使用数据框中的值在另一个数据框中查找

Question

我正在尝试使用 df 列 (df1) 中的值作为在另一个 df (df2) 中查找的索引。

我使用 apply 和 lambda 函数找到了解决方案：

max_edad = int(df2.iloc[:,0].max() - 1) #The value will be 116
df1['Vivos(t)'] = df1['fecha_ord'].apply(lambda x: df2.loc[int(x), 'lx_1970'] * (1 - (x % 1)) + df2.loc[int(x) + 1,'lx_1970'] * (x % 1) if x < max_edad else 0)

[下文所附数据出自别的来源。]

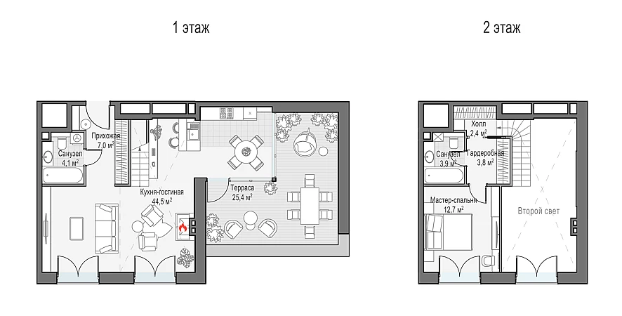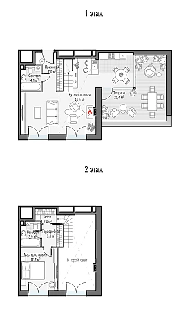 Двухуровневый пентхаус с просторной террасой 25,4 м. Высота потолка - 6,5 м. В кухне-гостиной дровяной камин и два французских балкона. Окна выходят на Запад, что позволит любоваться закатами и панорамой города.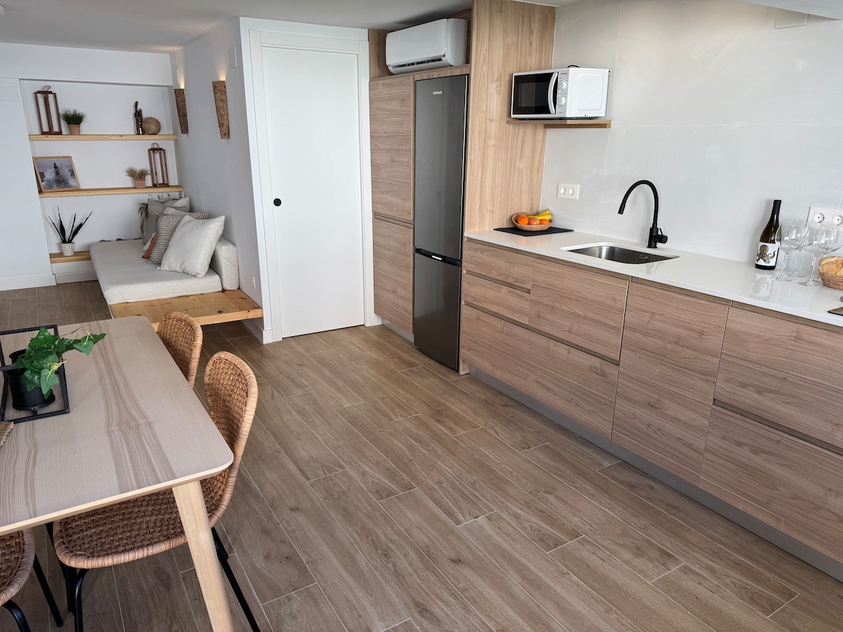 Estudio reformado junto al río Guadalquivir. Aire acondicionado split (frío/calor), amplia terraza con zona chill out, cama "queen" visco (150x190), wifi 600MB, Smart TV, área de teletrabajo, cocina totalmente equipada y baño con bañera! Muy luminoso y tranquilo (en una comunidad residencial), excelentemente comunicado (metro/bus/carril bici). Sólo a 10 MINUTOS A PIE del casco histórico, en el barrio más famoso de Sevilla, con amplia oferta de tiendas y restaurantes. Licencia: VUT/SE/06907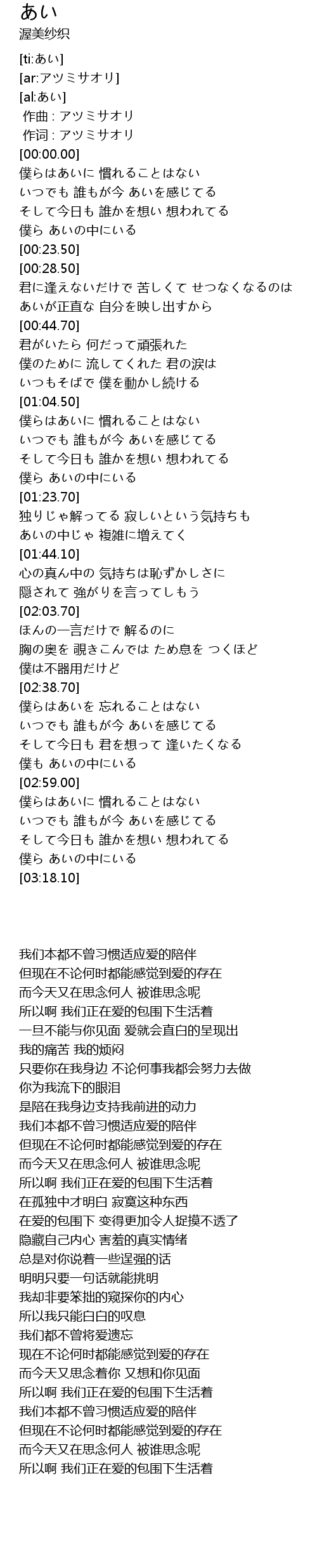 | [00:05.30] | 僕らはあいに 慣れることはない |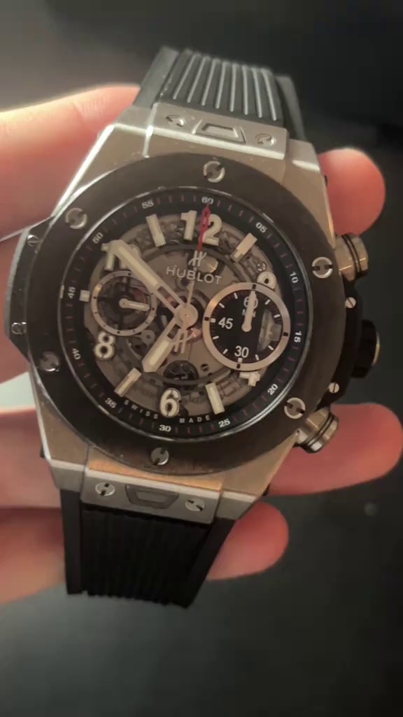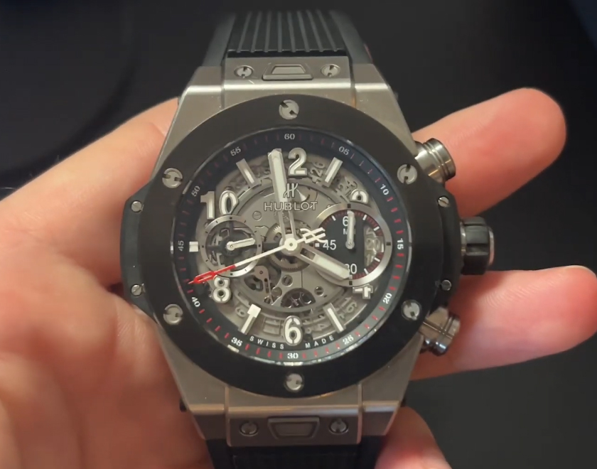 นาฬิกาเรือนจำลอง Hublot Big Bang Unico 411.NM.1170.RX หน้าปัดสเกเลตัน ขนาด 45 มม. ตัวเรือนไทเทเนียม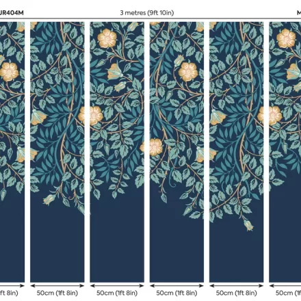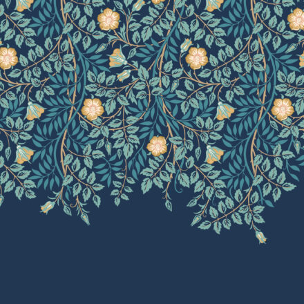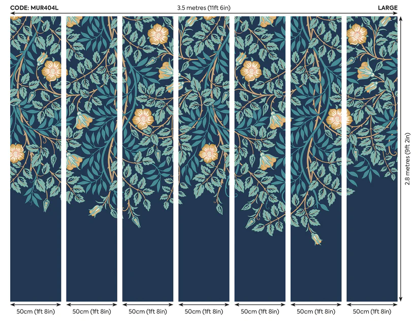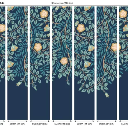 Sötétkék romantikus fotótapéta leomló virágokkal, mely tökéletes dekoráció ágy vagy kanapé mögötti falra, hogy egyedi atmoszférát teremtsünk otthonunkban.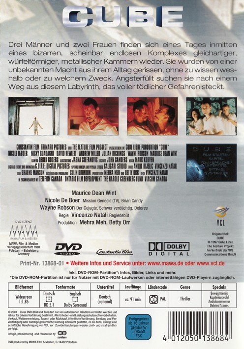 Drei Männer und zwei Frauen finden sich eines Tages inmitten eines bizarren, scheinbar endlosen Komplexes gleichartiger, würfelförmiger, metallischer Kammern wieder. Sie wurden von einer unbekannten Macht aus ihrem Alltag gerissen, ohne zu wissen weshalb oder zu welchem Zweck. Angsterfüllt suchen sie nach einem Weg aus diesem Labyrinth, das voller tödlicher Gefahren steckt.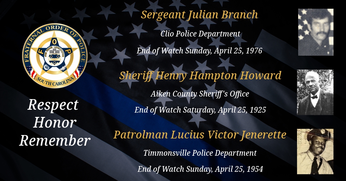 Today, we remember Clio Police Department Sergeant Julian Branch, Aiken County Sheriff’s Office Sheriff Henry Hampton Howard, and Timmonsville Police Department Patrolman Lucius Victor Jenerette.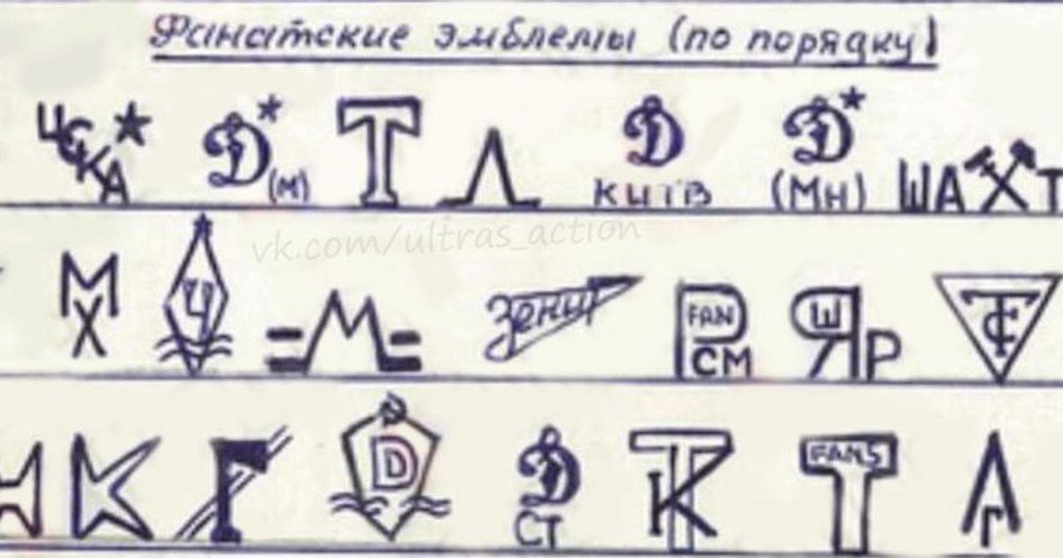 На картинке - эмблемы советских фан-движений, нарисованные ручкой и опубликованные в 1990 году в первом номере фанзина "Русский Фан-Вестник". Эти логотипы красовались на стенах домов всех городов, куда приезжали на выездные матчи представители данных движух, вызывая недоумение у местных жителей.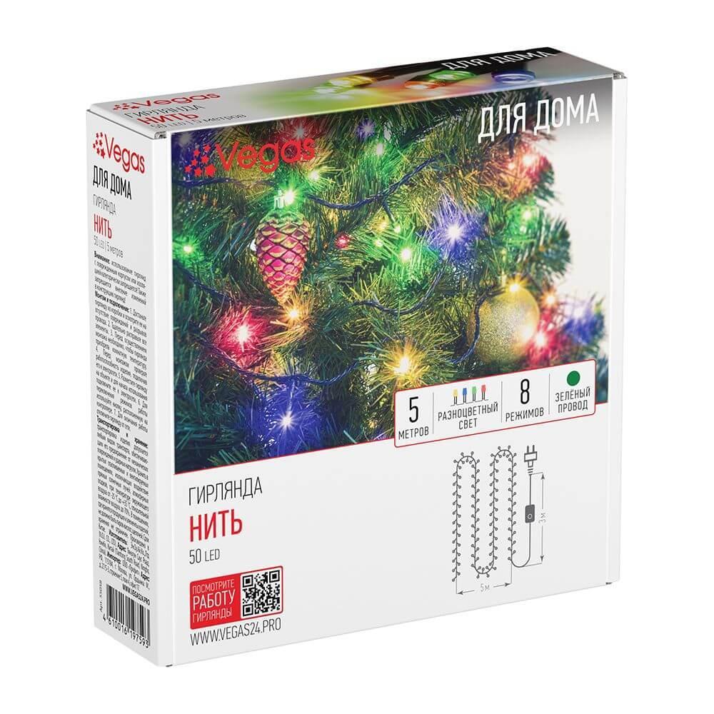Светодиодная гирлянда Vegas Нить 220V разноцветная 8 режимов 55058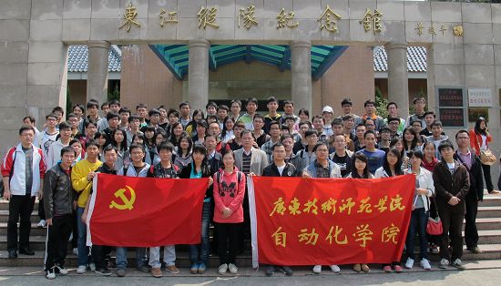 为推动“三爱一奉献”主题教育实践活动,加强学生党员的德学教育,3月25日,自动化学院党委负责人和政治辅导员组织80多名学生党员,前往惠州博罗东江纵队纪念馆举行党员入党宣誓活动。在庄严肃穆的纪念馆里,新党员面对党旗,进行了庄严的入党宣誓,老党员重温了入党誓词。宣誓仪式结束后,师生参观了纪念馆的展览,重温了革命先烈们艰苦奋斗勇于牺牲的历史,学习革命先烈的崇高精神。学生党员纷纷表示,在清明节前夕赴东江纵队纪念馆进行入党宣誓活动,自己深受教育,今后一定要继承和发扬先烈们优秀的革命传统,深入践行学院党委提出的“以德为行,以学为上”的教育思想,用最优秀的成绩纪念革命先烈。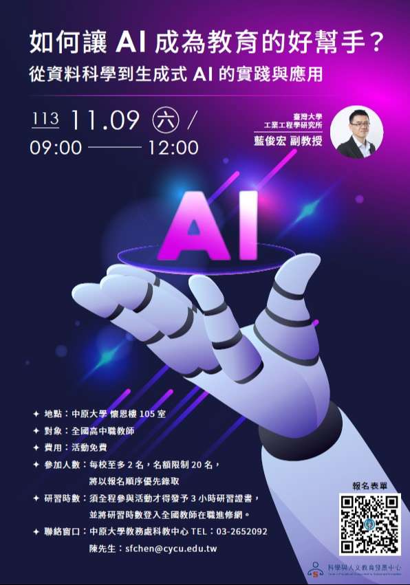 六、報名時間:自即日起至113年11月8日(星期五)中午12時止,額滿截止,報名成功者將以電子郵件通知。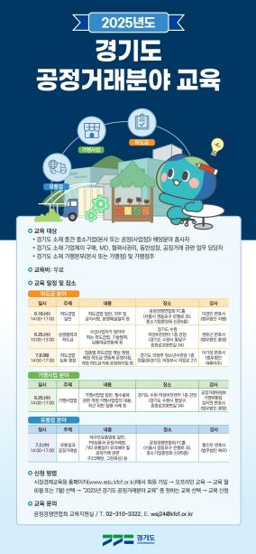 또한 교육 접근성 강화를 위해 공정거래 분야별 업체 분포도 및 기업체 임직원들의 시간·거리상 제약 등을 고려해 경기도 남·북부 등으로 나눠 개최한다.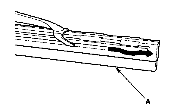 2. Press and hold the tab (A) and slide the wiper blade (B) toward the tab until it releases from the wiper arm (C).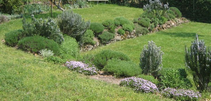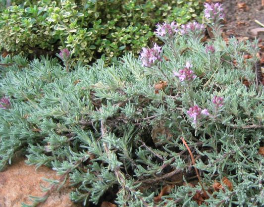 Und ganz toll finde ich den Kümmel-Thymian Thymus herba-barona. Er hat ein kräftiges Kümmelaroma und bildet schöne Matten. Im Winter zieht er etwas ein. Manchmal hat man den Eindruck er sei abgefrohren aber dann treibt er um so munterer im Frühjahr wieder aus. Teilweise hat er sich im Garten bereits versamt. Es lassen sich sehr leicht Ableger machen, weil die Ranken gut bewurzeln.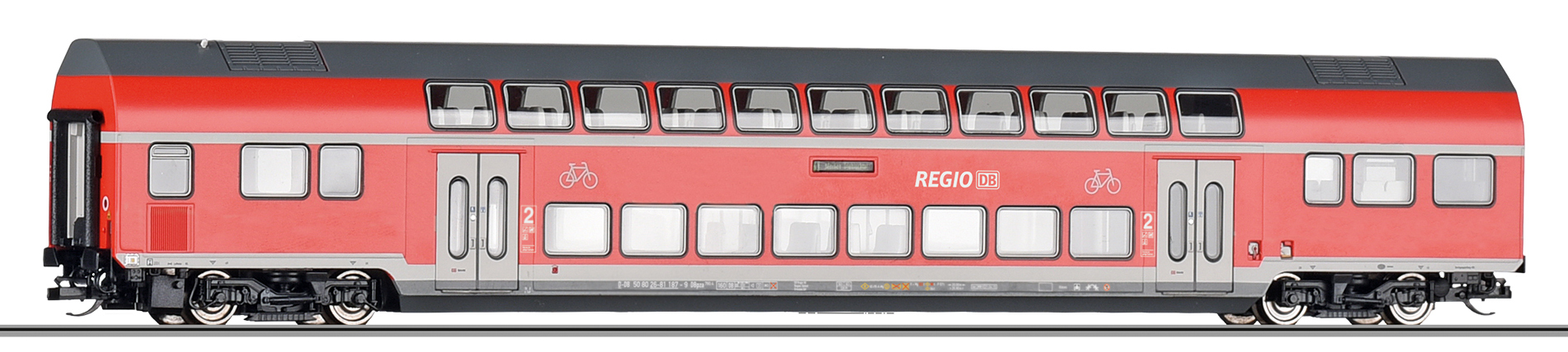 | řídící vůz v barevném schematu „DB Regio“ 2. tř. a s oddílem na kola |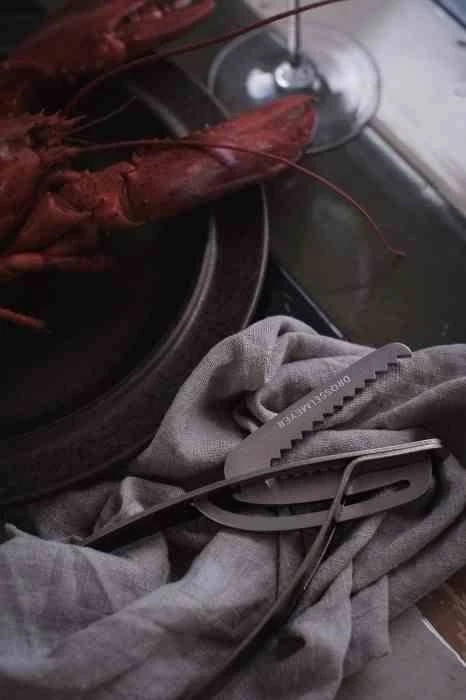 - konstrukcja podwójnej dźwigni – użycie wymaga niewielkiego wysiłku, a rozgniatanie pancerza nie uszkadza mięsa,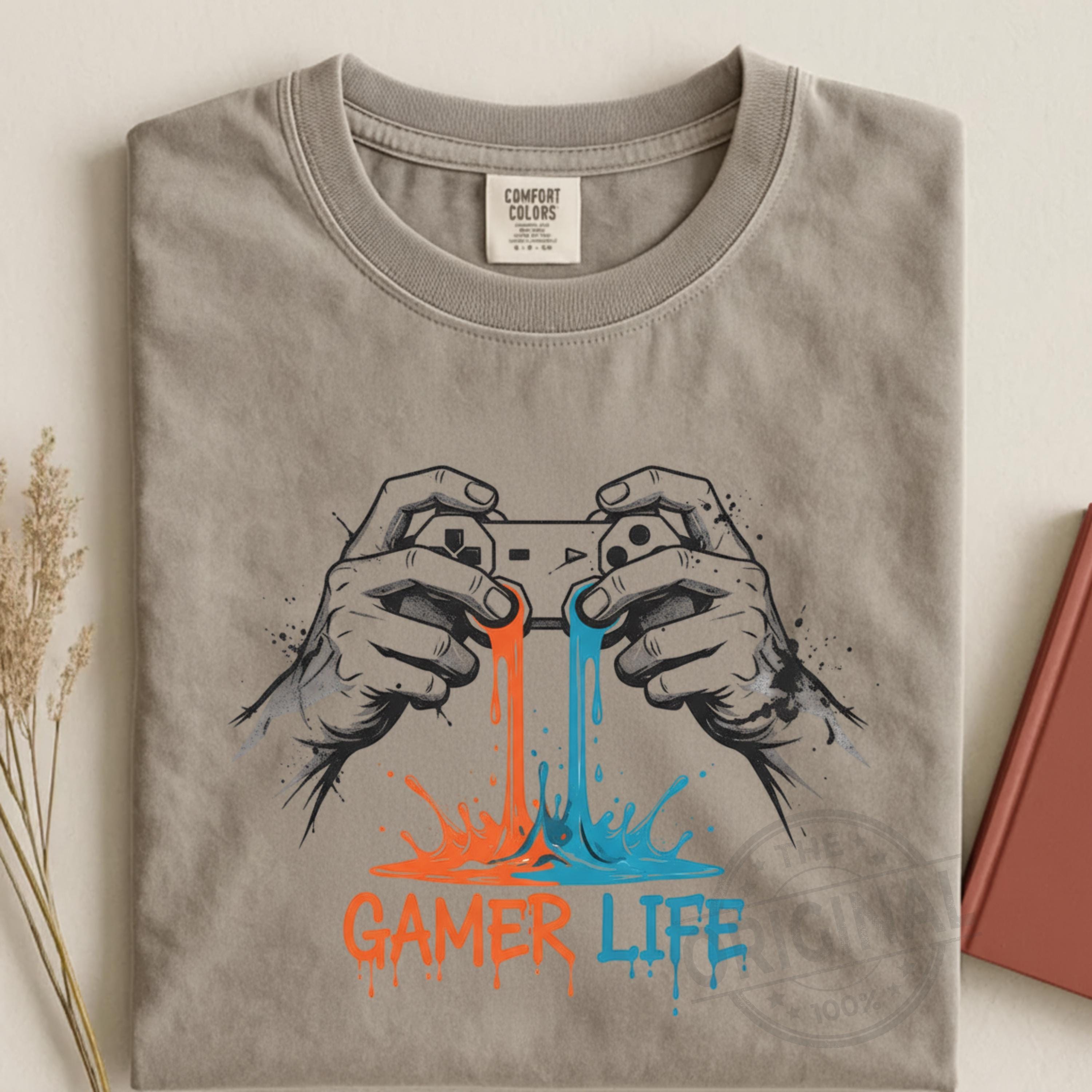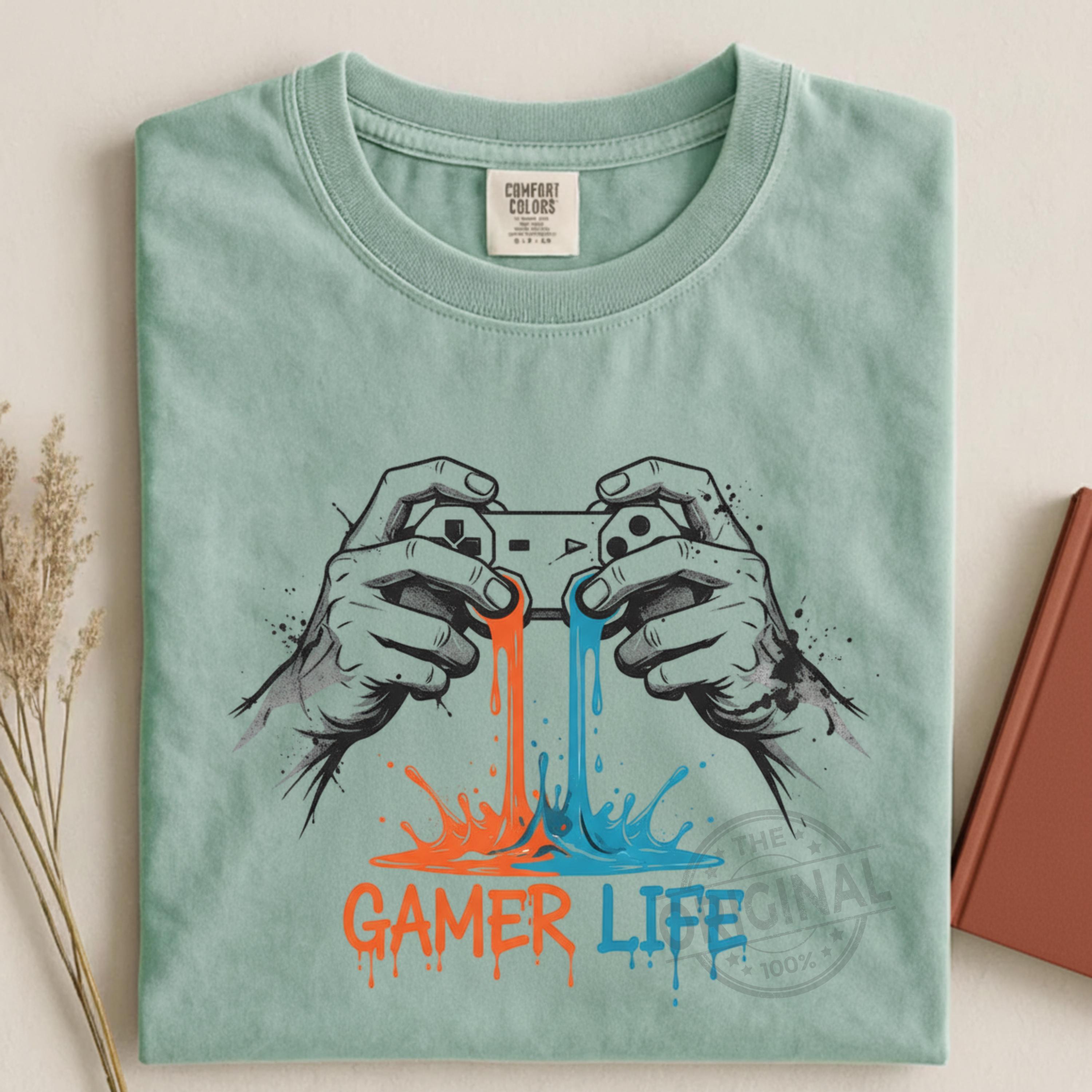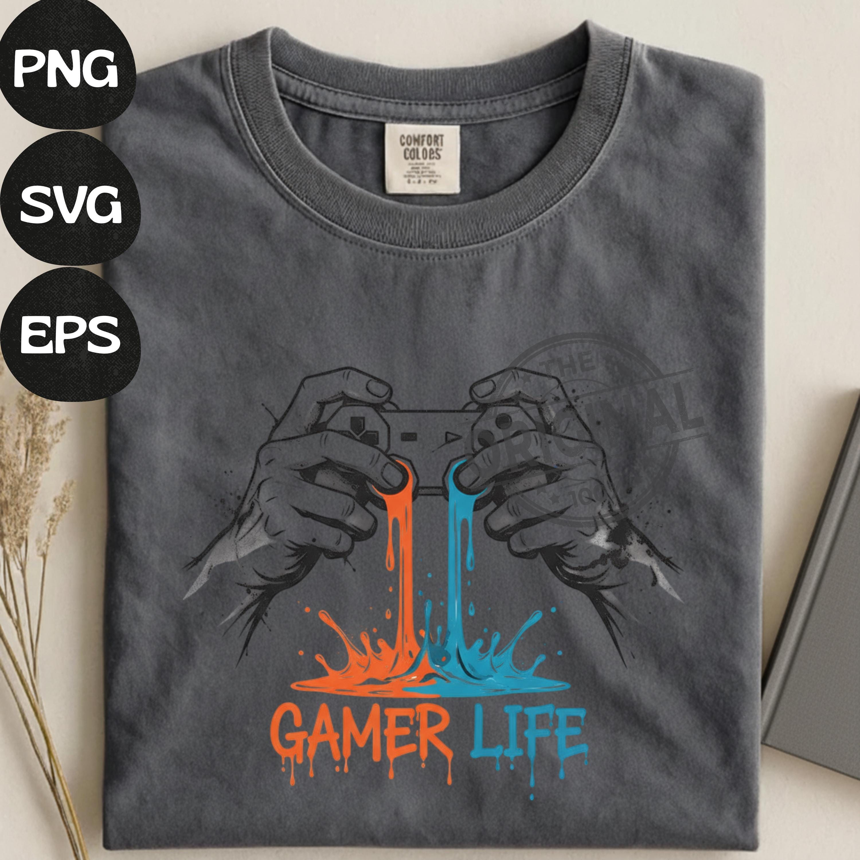 Gamer Life T-Shirt PNG, Graffiti Gamer Clipart, Hooded Player Controller Art, Gaming Shirt Sublimation Design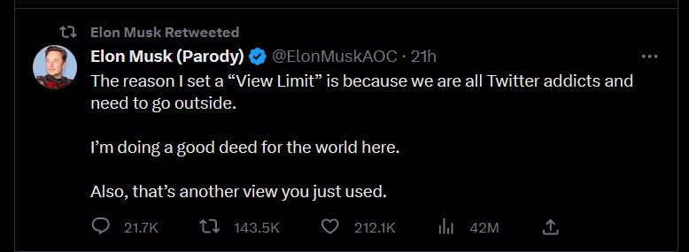 Twitter, the second front of our perfect storm, recently started limiting the number of posts users who didn’t subscribe to the blue tick could read. At time of press, it was about 800 posts but that might change by the time anyone actually reads this post. Master of all Baters – Mr Musk, posted in his twisted gloaty maniacally evil genius tone that the reason was to help people get over their addiction to swiping.

但是我运行在一个巨大的数据库中使用它，它太慢了（尽管它可以工作）。

你知道我怎样才能运行以不同的方式更快地获得它吗？

以下是我的数据帧的一些示例：

df1

t	fecha	Factor_desc	fecha_ord
0	2016-04-01	1.000000	45.325120
1	2016-05-01	0.996339	45.407255
2	2016-06-01	0.992691	45.492129
3	2016-07-01	0.989056	45.574264
4	2016-08-01	0.985435	45.659138
5	2016-09-01	0.981827	45.744011
6	2016-10-01	0.978232	45.826146
7	2016-11-01	0.974650	45.911020
8	2016-12-01	0.971082	45.993155
9	2017-01-01	0.967526	46.078029
10	2017-02-01	0.963984	46.162902
11	2017-03-01	0.960454	46.239562
12	2017-04-01	0.956938	46.324435
13	2017-05-01	0.953434	46.406571
14	2017-06-01	0.949943	46.491444
...	...	...	...
1390	2132-02-01	0.057234	161.158111
1391	2132-03-01	0.057163	161.237509
1392	2132-04-01	0.057093	161.322382

df2

艾达	lx_1970
0.0	1.000000
1.0	9.909948
2.0	9.901297
3.0	9.896776
4.0	9.892829
5.0	9.889542
6.0	9.886405
...	...
41.0	9.577991
42.0	9.565103
43.0	9.551536
44.0	9.537515
45.0	9.522749
46.0	9.507039
...	...
116.0	0

我希望得到以下 df：

df3

t	fecha	Factor_desc	fecha_ord	Vivos(t)
0	2016-04-01	1.000000	45.325120	9.517642
1	2016-05-01	0.996339	45.407255	9.516351
2	2016-06-01	0.992691	45.492129	9.515018
3	2016-07-01	0.989056	45.574264	9.513728
4	2016-08-01	0.985435	45.659138	9.512394
5	2016-09-01	0.981827	45.744011	9.511061
6	2016-10-01	0.978232	45.826146	9.509770
7	2016-11-01	0.974650	45.911020	9.508437
8	2016-12-01	0.971082	45.993155	9.507147
9	2017-01-01	0.967526	46.078029	9.505715
10	2017-02-01	0.963984	46.162902	9.504274
11	2017-03-01	0.960454	46.239562	9.502972
12	2017-04-01	0.956938	46.324435	9.501532
13	2017-05-01	0.953434	46.406571	9.500137
14	2017-06-01	0.949943	46.491444	9.498696
...	...	...	...	...
1390	2132-02-01	0.057234	161.158111	0.0
1391	2132-03-01	0.057163	161.237509	0.0
1392	2132-04-01	0.057093	161.322382	0.0

非常感谢！

Answer 1

我觉得把计算分成几个步骤比较好：

df1['fecha_ord_int'] = df1['fecha_ord'].astype(int)
df1['fecha_ord_dec'] = df1['fecha_ord'] % 1
df2['lx_1970_next'] = df2['lx_1970'].shift(-1)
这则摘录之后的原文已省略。